If the distribution is continuous, the distribution density can be integrated (double integration) in the area range of p≥2root(q), 1≤p≤6, 1≤q≤6. But now it is not a continuous distribution, and the integral becomes a sum. Assuming that the dice are equal, the probability of generating various numbers is the same, and the combination of P and Q has 6x6=36 possibilities, and the probability of each occurrence is 1/36 (equivalent to distribution density), then when p≥2root(q), 1≤p≤6, 1 ≤ Q ≤ is calculated.

Q= 1: P is desirable, 2,3,4,5,6, then1/36+1/36+1/36+1/36+1.

Q=2: P desirable, 3, 4, 5, 6, 4/36.

Q=3: P is desirable, 4, 5, 6, and 3/36 is used.

Q=4: P is desirable, 4, 5, 6, and 3/36 is used.

Q=5: P desirable, 5, 6, 2/36.

Q=6: P desirable, 5, 6, 2/36.

(The above is equivalent to the first multiple integral)

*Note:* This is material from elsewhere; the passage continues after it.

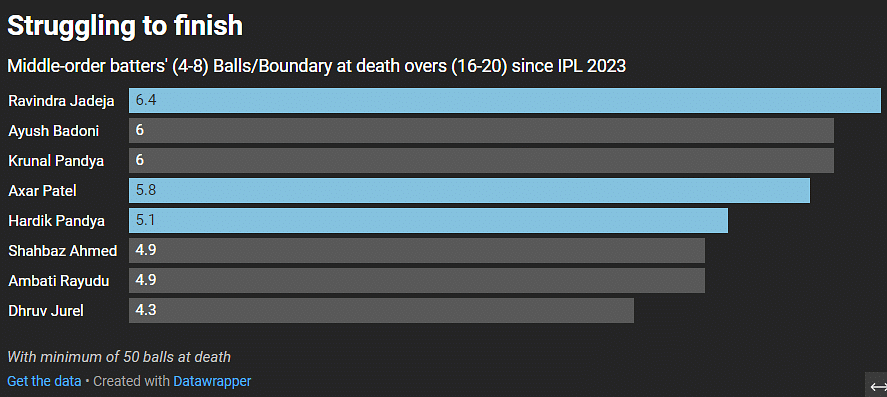 Sorry to break the bubble, but on average, finishers find a boundary very frequently, one every 4.06 deliveries. Then there is the asterisk: not everyone, at least definitely not Hardik, who only scores a boundary every 5.1 deliveries.

Add it again (equivalent to the second double integral) as follows:

5/36 + 4/36 + 3/36 + 3/36 + 2/36 +2/36 = 19/36。 That is, the probability of real number solution is 19/36.

(2) Find the probability that the equation in (1) has two identical real number solutions.

At this time, it is required that b 2-4ac > 0. That is, p > 2 roots (q)

Compared with the above-mentioned solution with real numbers, the equation will only occur when q= 1 4, so two cases of p=2 when q = 1 and p=4 when q=4 are removed, that is, the probability is 17/36.